Digitalisierung der Verwaltung braucht neue Qualifikationen

Tablet: Die Digitalisierung auch der öffentlichen Verwaltung erfordert Schlüsselqualifikationen wie Denken in Datenflüssen, Kollaboration und Kenntnis gängiger Softwareanwendungen. - Foto: NicoElNino/Adobe Stock

Der digitale Wandel der Verwaltung gelingt nicht alleine durch den Einsatz von IT-Lösungen. Im Raum steht ein Kulturwandel und eine Änderung im Selbst­verständnis. Es braucht Menschen, die solche Veränderungen initiieren und umsetzen können. Die Hochschule Hof bildet sie berufsbegleitend aus.

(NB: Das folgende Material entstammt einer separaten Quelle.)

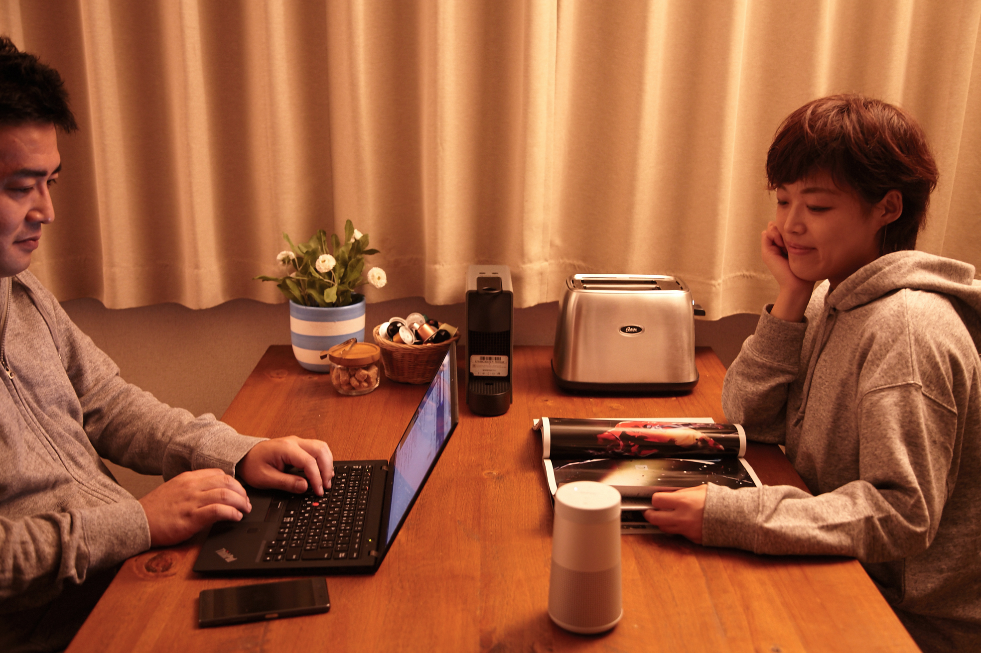 今月は彼女の好きなアーティストの米津玄師が出ているらしい。だからいつもテーブルに置いているワイヤレススピーカーからも米津玄師の曲が。お互いマイペースで、同じテーブルで別々のことをしていても全く気にならない。おまけに時々口ずさむ曲がいつも同じだから、僕まで歌えるようになってしまった。どうやら彼女、今日はご機嫌のようだ。仕事もひと段落したから、ホッとひと息。そうだ、コーヒーを作ろう! 夜も遅いから、やっぱり“ラテ”かな。
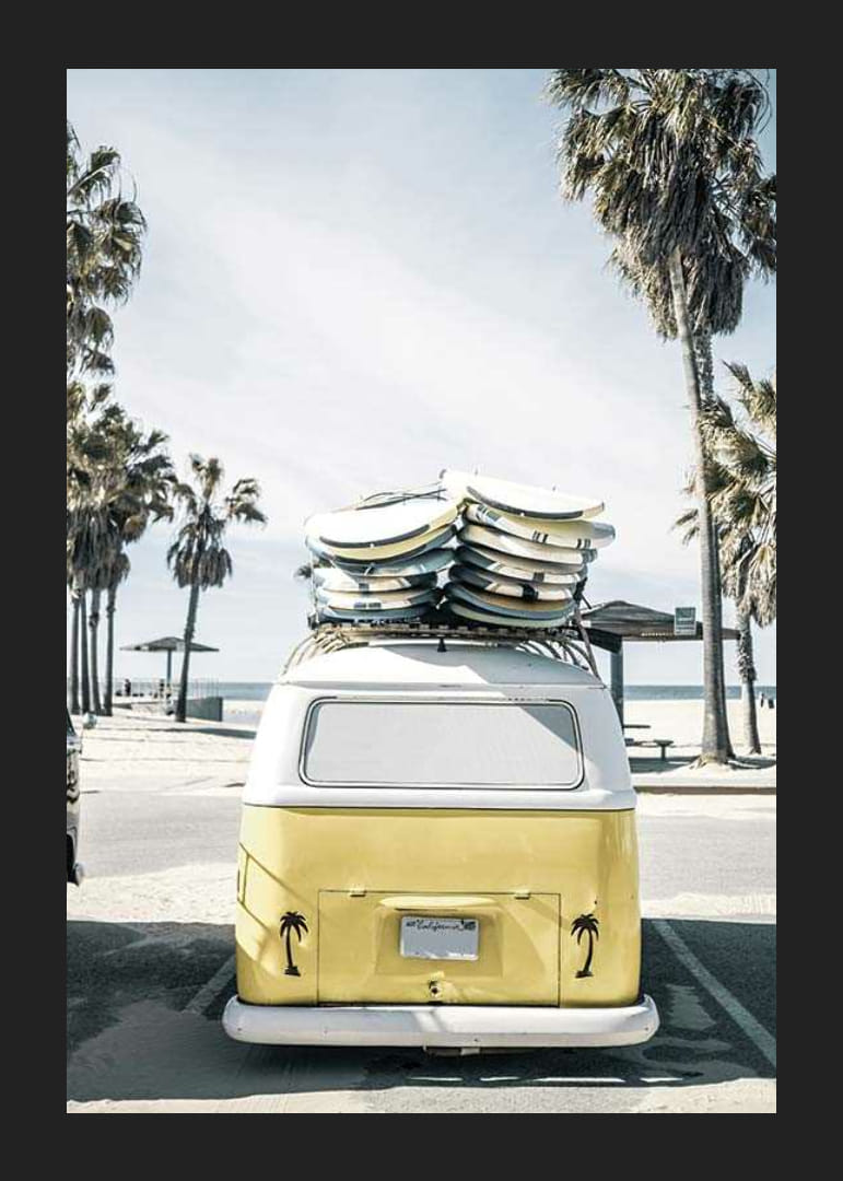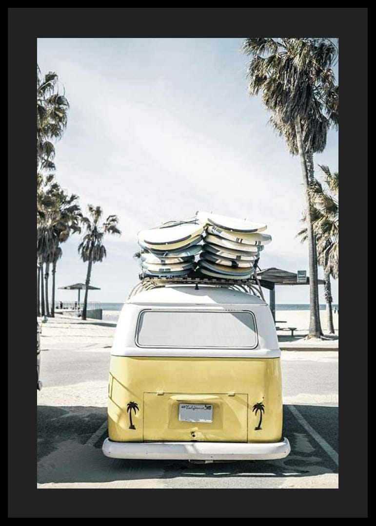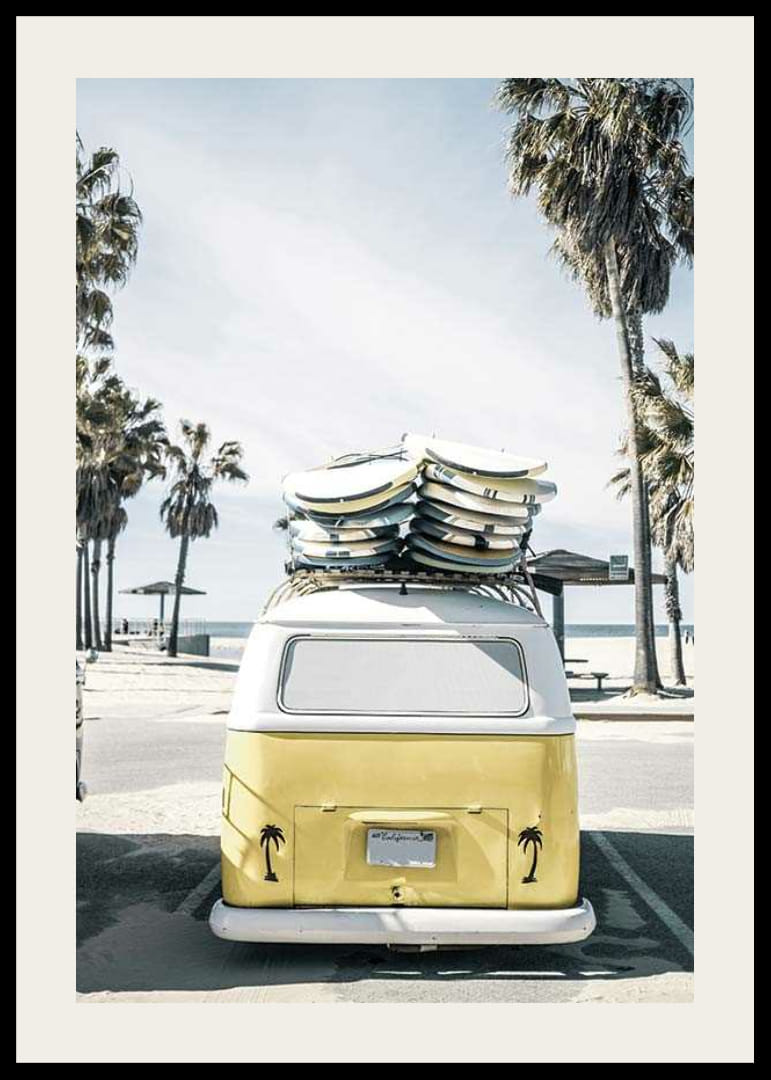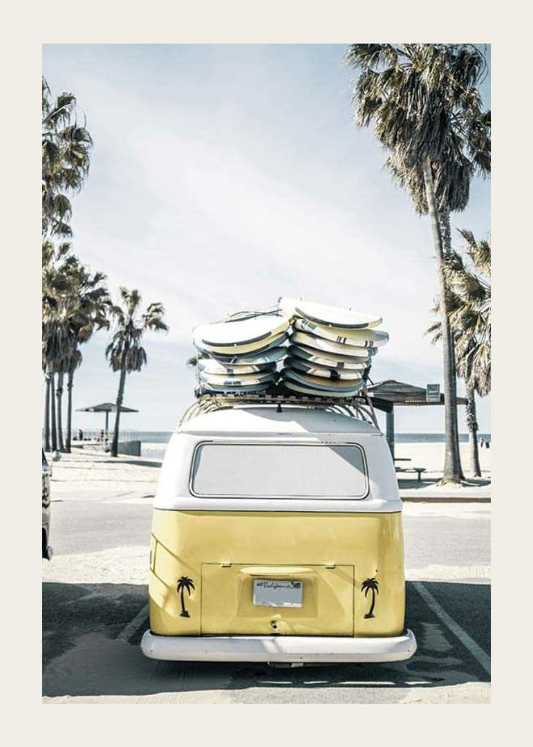 Zozadu je vidieť žltobiely autobus Volkswagen zaparkovaný na pláži Venice Beach, s kopou surfových dosiek na streche a palmami všade naokolo. Motív charakterizuje svetlomodrá obloha a uvoľnené prostredie pláže. Tento plagát jasne vystihuje letný život a surferskú kultúru a je ideálny do miestností, kde je žiaduca neformálna atmosféra.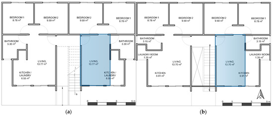 Two units were selected for simulation: Living A (ground floor) and Living B (upper floor), based on high daytime occupancy patterns (Figure 1). The block’s south-facing orientation was preserved. Due to Ecuador’s equatorial location, orientation was not expected to significantly influence thermal performance [30].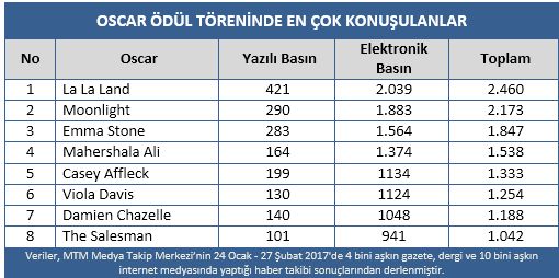 Moonlight, En İyi Uyarlama Senaryo, En İyi Yardımcı Erkek Oyuncu ve En İyi Film de dahil olmak üzere 3 dalda ödül kazanırken, yazılı basın ve internet medyasında toplam 2 bin 173 habere konu oldu ve La La Land’ın gerisinde kaldı.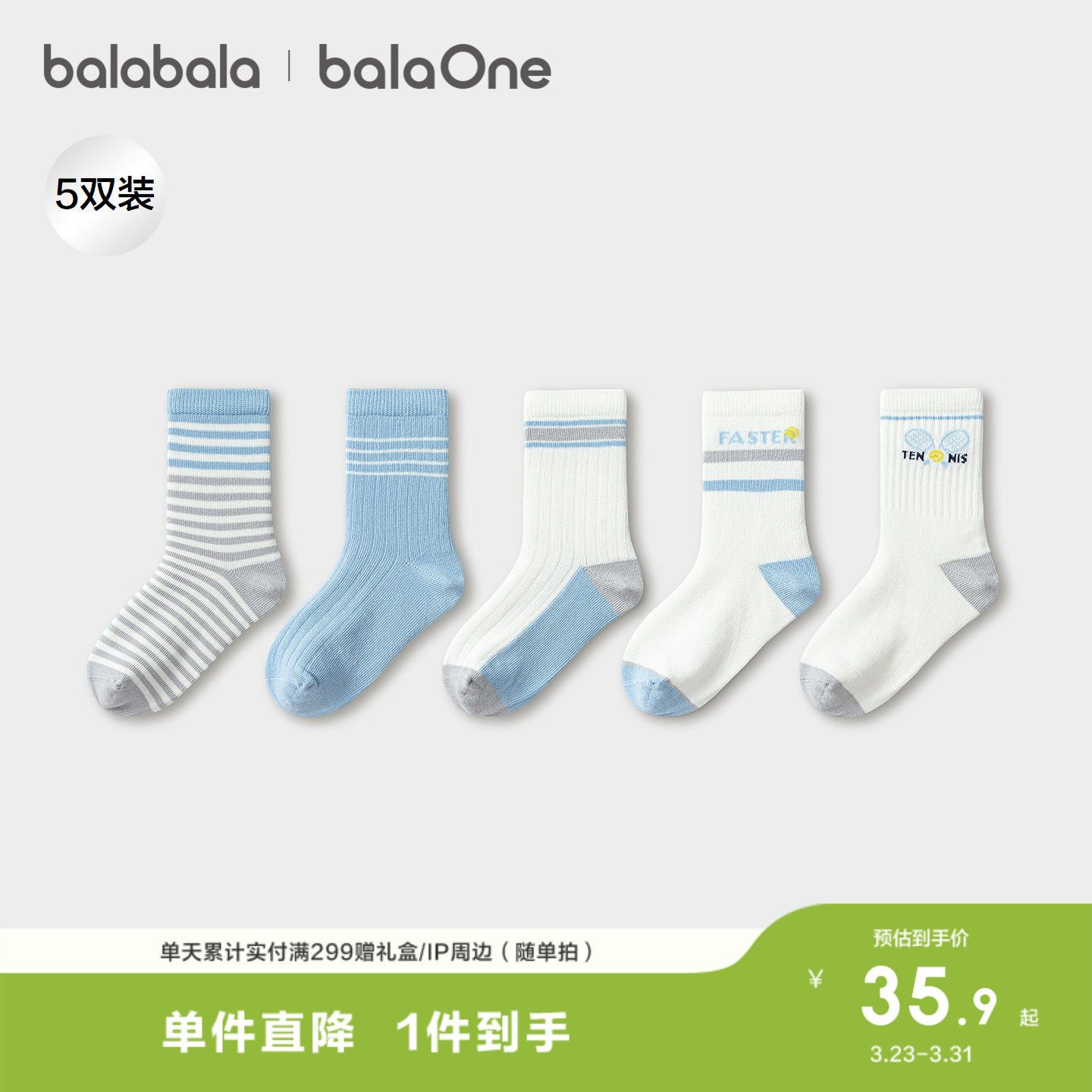 巴拉巴拉儿童袜子春秋男童棉袜中筒袜撞色舒适柔弹亲肤提花五双装

Einen großen Teil der derzeit noch unsere Wirtschaft und Verwaltung prägenden Berufe werden die heutigen Grundschüler gar nicht mehr kennenlernen, weil sie nicht mehr existieren. Ein Blick in den Job-Futuromat, ein vom Institut für Arbeitsmarkt- und Berufsforschung entwickeltes Expertensystem, zeigt, wie stark einzelne Berufsfelder von der Digitalisierung betroffen sind. Dies gilt nicht nur für Tätigkeiten in der Wirtschaft, sondern ebenso für die öffentliche Verwaltungen.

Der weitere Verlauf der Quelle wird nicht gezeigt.